This section provides an overview of issues and questions in Health that preceded and spurred the creation of the Center for Incentive Design.

The healthcare industry has numerous examples of misaligned incentives that create inefficiencies and barriers to access. Further study of Incentive Design can help raise awareness, identify and quantify the effects of misaligned incentives, and offer ways to create better systems.

Certifying new doctors

We don’t train enough doctors in the US. This has little to do with the demand for doctors or the number of students who want to train as doctors, and lots to do with restrictions from the National Residency Matching Program on how many residents can train per year. This program even has an exemption from antitrust laws that support it.

Doctors who are currently in the profession get to decide how many new doctors to allow into the profession. While not necessarily nefarious, this creates perverse incentives. The fewer doctors that enter the profession, the higher the wages of those who already are doctors. Could this protectionist incentive be part of the reason why residency requirements force new trainees to slog through years of long hours and low wages? Or why so few are allowed to match in the first place?

ID can help shine a light on this incentive misalignment issue, understand how it affects behavior, articulate its economic and medical implications, and offer better approaches to ensuring high quality medical training while dissuading protectionist practice.

Copayments

One of the core problems in healthcare is an agency problem. Though we want everyone to have access to decent healthcare, many can’t afford this on their own. Therefore governments or insurers step in. But this creates a perverse incentive for individuals to over-consume healthcare when someone else is paying.

We use copayments to dissuade this overconsumption, but this fixed fee approach offers little disincentive to wealthy people, while arguably putting too high a barrier for the less well off.

Would it make sense to consider income as a factor in copayments? The Swiss consider income as a factor in calculating speeding tickets; how might a similar approach change the incentives within the US healthcare system?

Reduce drag of payment fees

Doctors often are required to pay a fee of 2.5% to receive electronic payments from insurance companies, who contract with third party providers to run this transaction. No company would stand for self-imposing a 2.5% fee on paying its own employees – and yet our healthcare system enables and incentivizes middlemen to do just that.

Accelerating research and development

Institutional Review Boards (IRBs) that oversee medical research put too much emphasis on liability reduction and don’t adequately consider the risk-to-probability ratio or the potential for human advancement that can come from research. This is outlined in great depth by Simon Whitney in “Oversight to Overkill” and expounded upon here.
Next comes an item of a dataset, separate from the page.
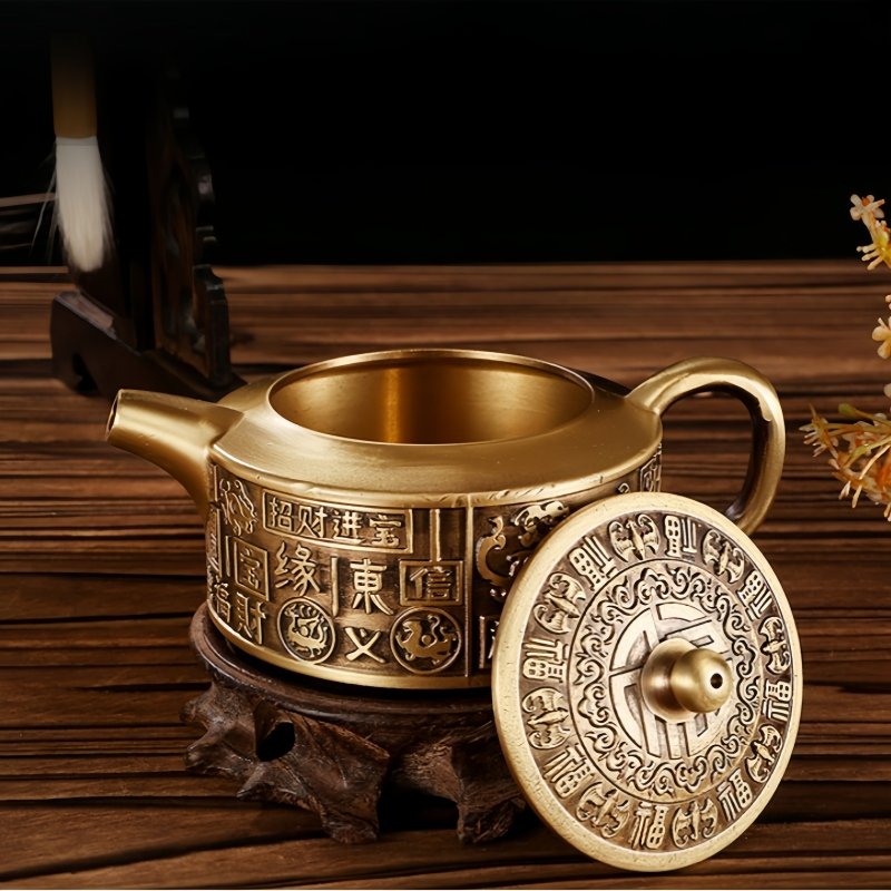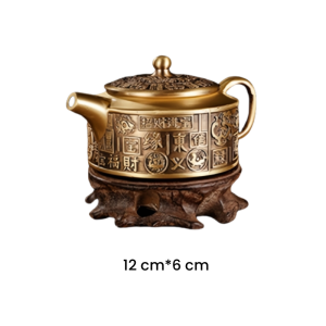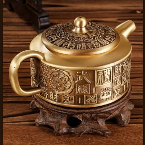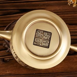 The teapot’s surface is adorned with traditional Chinese characters, skillfully carved into the brass body. These inscriptions, often associated with good fortune, prosperity, and longevity, make the teapot not just a functional piece of tea ware but also a symbolic treasure. The characters reflect deep cultural meanings, enhancing the overall value and significance of the teapot.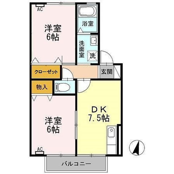 アストロハウス C 202 2DK/2階

From Oversight to Overkill: Inside the Broken System That Blocks Medical Breakthroughs—And How We Can Fix It

How do we leverage better ID study to understand the incentives with which IRBs are operating and help shift the systemic risk / reward profile?

Overconsumption of tests

Patients have an incentive to request any test that might potentially be useful (or at least, they don’t have much disincentive as they don’t directly bear the costs). Doctors get compensated for running tests. These incentives together could lead to a systemic overconsumption of testing that’s expensive and drives costs up for everyone. It can also lead to increased stress from false positives — for example, a 7%-12% false positive rate compounded over 10 yearly exams means a woman has a 50% - 70% likelihood to experience at least one false positive. Though insurance companies have some incentive to deny testing, this is not a good long-run solution, as increased costs can just get passed on.